Taking its title from the poem "Santa Clara Valley," read in voice-over by the poet Wendell Berry in his best angry, Old Testament prophet style, "The Unforeseen" skirts the danger of being simply a tree-hugger movie, of reflexively coming out for clean air and water the way conservatives used to come out for motherhood, the flag and apple pie.

Instead this film, which took the Truer Than Fiction prize at Film Independent's recent Spirit Awards, honors the intricacies of a complex subject. It depicts the battle between the competing interests of developers and environmentalists as it played out over a 30-year period in the area around Austin, Texas, and turns it into a convincing microcosm for land use issues everywhere.

Although a more conventional documentary might start by trumpeting the problem, "The Unforeseen" favors a more indirect, even oblique approach. It buries its aims and eases into its subject matter, forcing us to pay attention to understand exactly where things are going.

So "The Unforeseen" begins with gnarled old men talking about how difficult farm life can be. Then another, somewhat younger man describes the way the harshness of rural living, the dependence on the sometime beneficence of an often harsh nature, led him to leave the farm and move to Austin, where he began a career as a developer.

That man is Gary Bradley, someone who can talk almost poetically about development as "painting a picture on a canvas." When he came to Austin in 1972, he considered it "the perfect place to develop," and began putting together what was to be the 4,000-acre Circle C Ranch subdivision.

"The Unforeseen's" refusal to demonize Bradley, whom the publicity notes refer to as "one of the most controversial real estate developers in Central Texas," is one of its strengths. Instead director Dunn adopts the attitude of veteran political writer William Greider, who says "there's something appealing about developers. They say 'We're going to reshape the future, we're going to have fun, and we're going to get rich.' They end up wondering 'where did it go off the rails.' " Which is exactly what happened with Bradley.
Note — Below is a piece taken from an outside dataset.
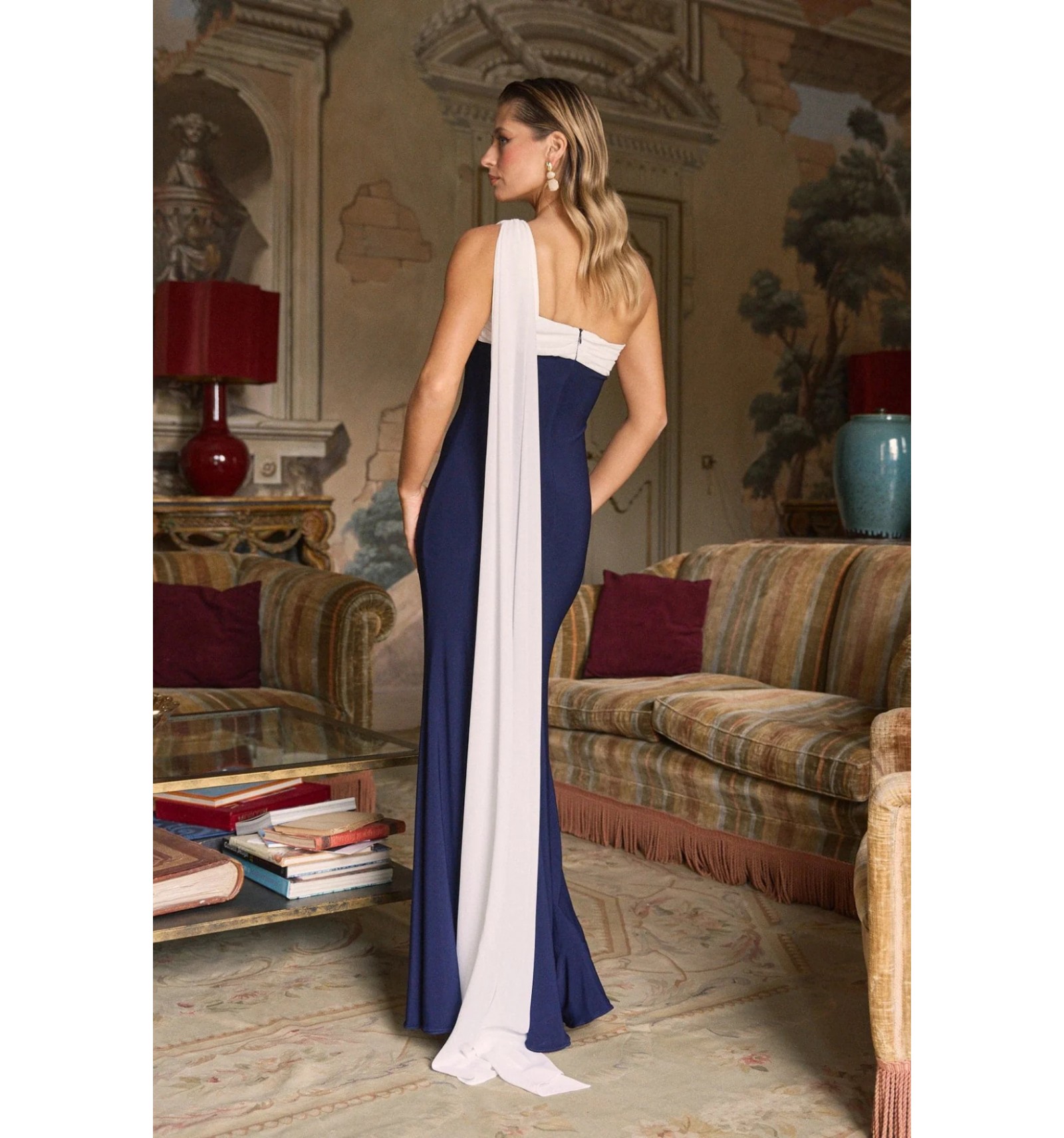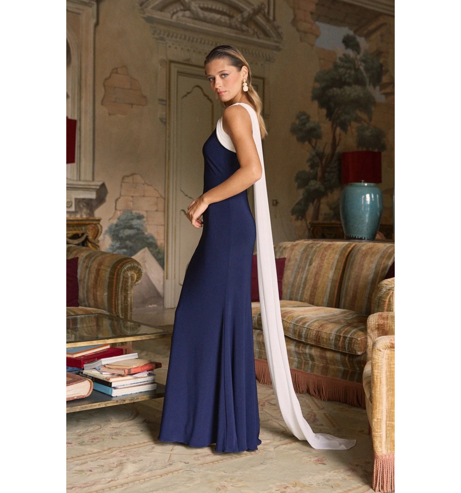 Helena est une robe de soirée d’inspiration classique en maille lisse. Décolleté asymétrique et drapé léger, avec une jupe longue qui épouse la silhouette avec élégance. Son châle multi-positions apporte une touche fluide et raffinée.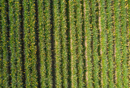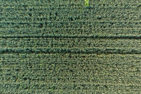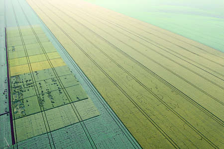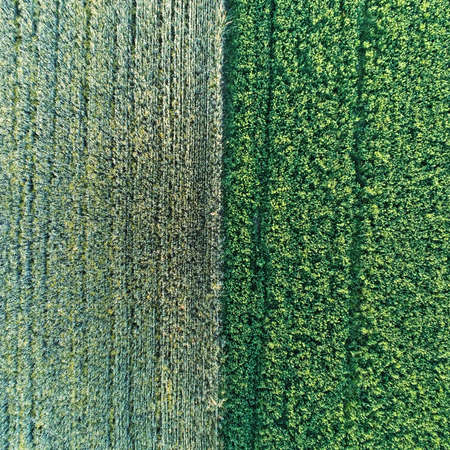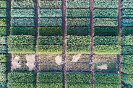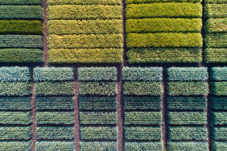 Aerial image of agricultural test plots with different sorts of cereal crops, hybrids, shoot from drone

The first hitch Bradley faced was the savings and loan crisis, which led to the bankruptcy of his company. That was an opening for bigger players like international developers Freeport-McMoRan to enter the Austin scene as his partners.

That company's sketchy environmental record, plus the fact that the Circle C development threatened the health of Barton Springs, a locally beloved spring-fed swimming area, led in 1990 to a tidal wave of public disapproval that killed the project and led Austin's city government to pass a radical anti-growth ordinance.

That, however, was not the end of the story, at least not in a state where property rights are next door to the Almighty. As related by veteran lobbyist Dick Brown " who apparently enjoys his Darth Vader image so much that he wanted to be interviewed building a model warplane " the state legislature got into the act and, in effect, overrode the Austin ordinance. As an offshoot of this struggle, a young man named George Bush halted Ann Richards' bid for reelection as Texas' governor and ended up in the White House.

The situation today, as before-and-after footage starkly reveals, is that everyone's worst fears about Barton Springs came to pass: runoff from all that development turned it into, says one disgusted observer, "a drainage ditch instead of a stream."

Dunn is too capable a filmmaker, however, to leave it at that. Although "The Unforeseen" has a few too many clips of Robert Redford, its environmentalist executive producer, its strength is its realization that these unforeseen developments are making few people happy. Not the people who move into the new houses, who end up lamenting the crowded sameness of it all, and certainly not developer Bradley, whose life turned out nothing like what he expected. No one who sees this intriguing documentary will want to argue with reporter Greider when he forcefully insists, "We need a more mature regard for the future." We do indeed.